I'm not sure what you think they "get" better than older people, but if it's camera controls and basic theory, then the problem is these days is not whether they can get it or not, but the fact that they're not arsed about getting it. Turn your back, and 70% of them will just put the camera back on auto. At degree level, the mature students are by FAR the better students. The kids ignore all the technical stuff these days.... they've been made to feel cocky by F.E courses that reward crap and produce "distinction" students that have never been taught to operate the gear... actually been rewarded for it. Then there's social media and Flickr et al that further rewards they're work produced with no technical skill at all.... then I come along and tell them they need to go back to the beginning now, because we're using manual studio flash, or film, or just because I want to ensure you can use a camera manually in tricky situations... or, being controversial... because it's FUN. Guess how that goes down...

The more mature students just accept it, do it, lean from it, and get better as a result.

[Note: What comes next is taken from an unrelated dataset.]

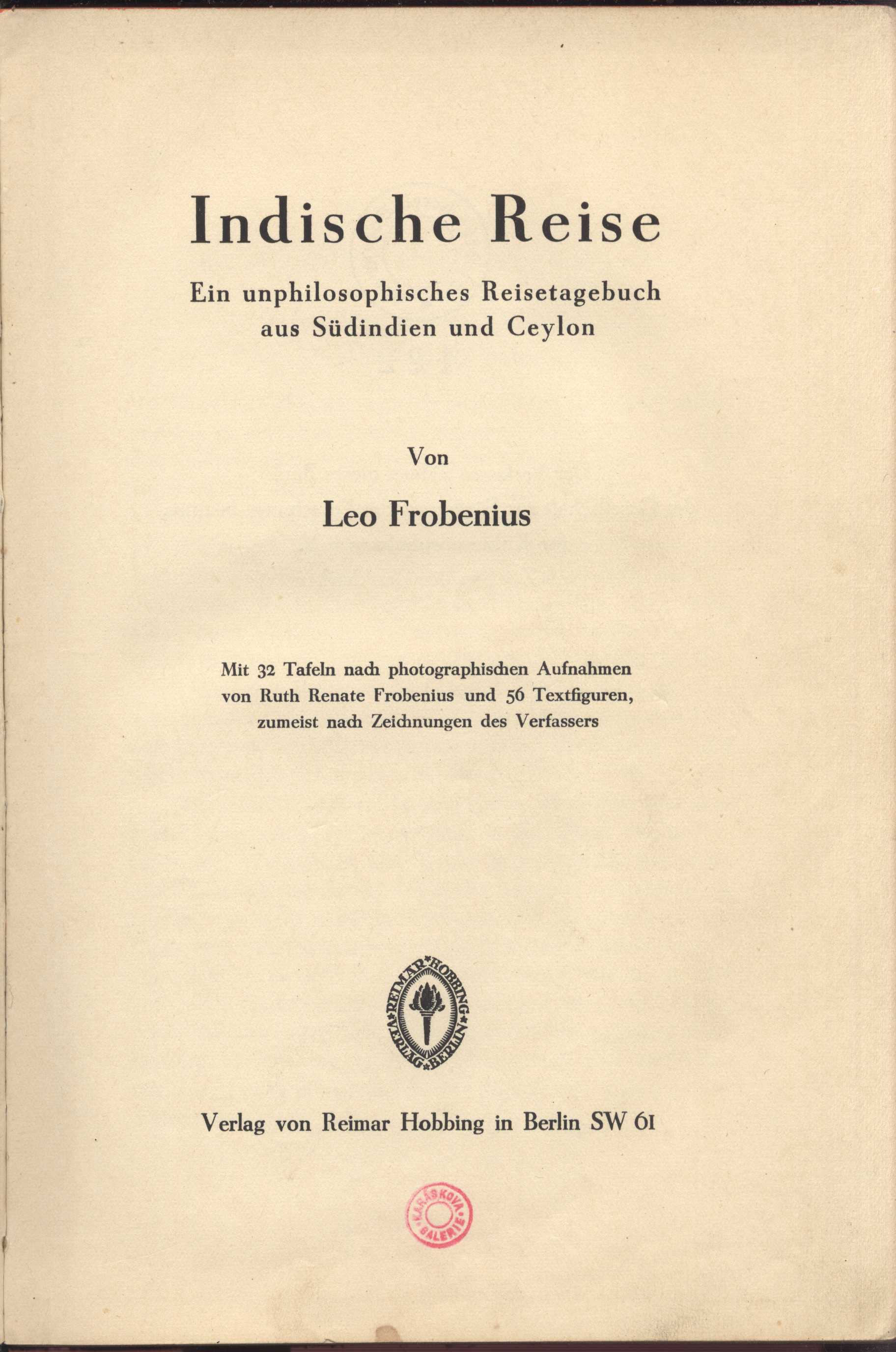 Title information Indische Reise : ein unphilosophisches Reisetagbuch aus Südindien und Ceylon / von Leo Frobenius ; mit 32 Tafeln nach photographischen Aufnahmen von Ruth Renate Frobenius und 56 Textfiguren, zumeist nach Zeichnungen des Verfassers Personal name Frobenius, Leo, 1873-1938 (Author) Další autoři Frobenius, Ruth Renate (Photographer) Corporation Verlag von Reimar Hobbing (Berlin (Německo)) (Publisher) Stadtbücherei (Bodenbach) (Former owner) (1931-1945) Wilhelm Büxenstein (Berlin, Německo) (Printer) Publication Berlin : Verlag von Reimar Hobbing, c1931 Manufacture (W. Büxenstein) Scope 295 s., 32 s. obr. příl. : il. ISBN (váz.) Country Germany Language German Note Zdobená vazba. - Úvod autora. - Na titulním listu nakladatelský signet. - Seznamy vyobrazení. - Černobílé kresby a mapky v textu. - Třicet dva stran obrazové přílohy (fotgrafie).

The kids fight it, challenge you, and invariably continue shooting on auto and making things on a computer that ultimately no one outside of social media is actually interested seeing, and certainly no one wants to PAY them for. By year 2 they start to get it, but by then they're the weakest students and need to work so much harder.

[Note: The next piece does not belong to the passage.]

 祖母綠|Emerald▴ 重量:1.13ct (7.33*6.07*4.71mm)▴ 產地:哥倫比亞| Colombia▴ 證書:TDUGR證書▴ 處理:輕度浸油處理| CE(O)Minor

Sorry mate... but you're dead wrong on this one, but it's nothing to do with kids being measurably more stupid, but because education at lower levels than I teach at have convinced themselves that these "digital natives" need to do every ****ing thing on a computer. Decisions made by idiots, basically.
That's the majority though. Seriously.... more people in the world think that Kennard montage above is real than not. That's the world now. Despite more and more images being false, more and more people actually believe what they see. This democratisation of photography the digital world has heralded in, genuinely is a double edged sword. The majority of the world are NOT photgraphers, despite the popular saying that suggests they are.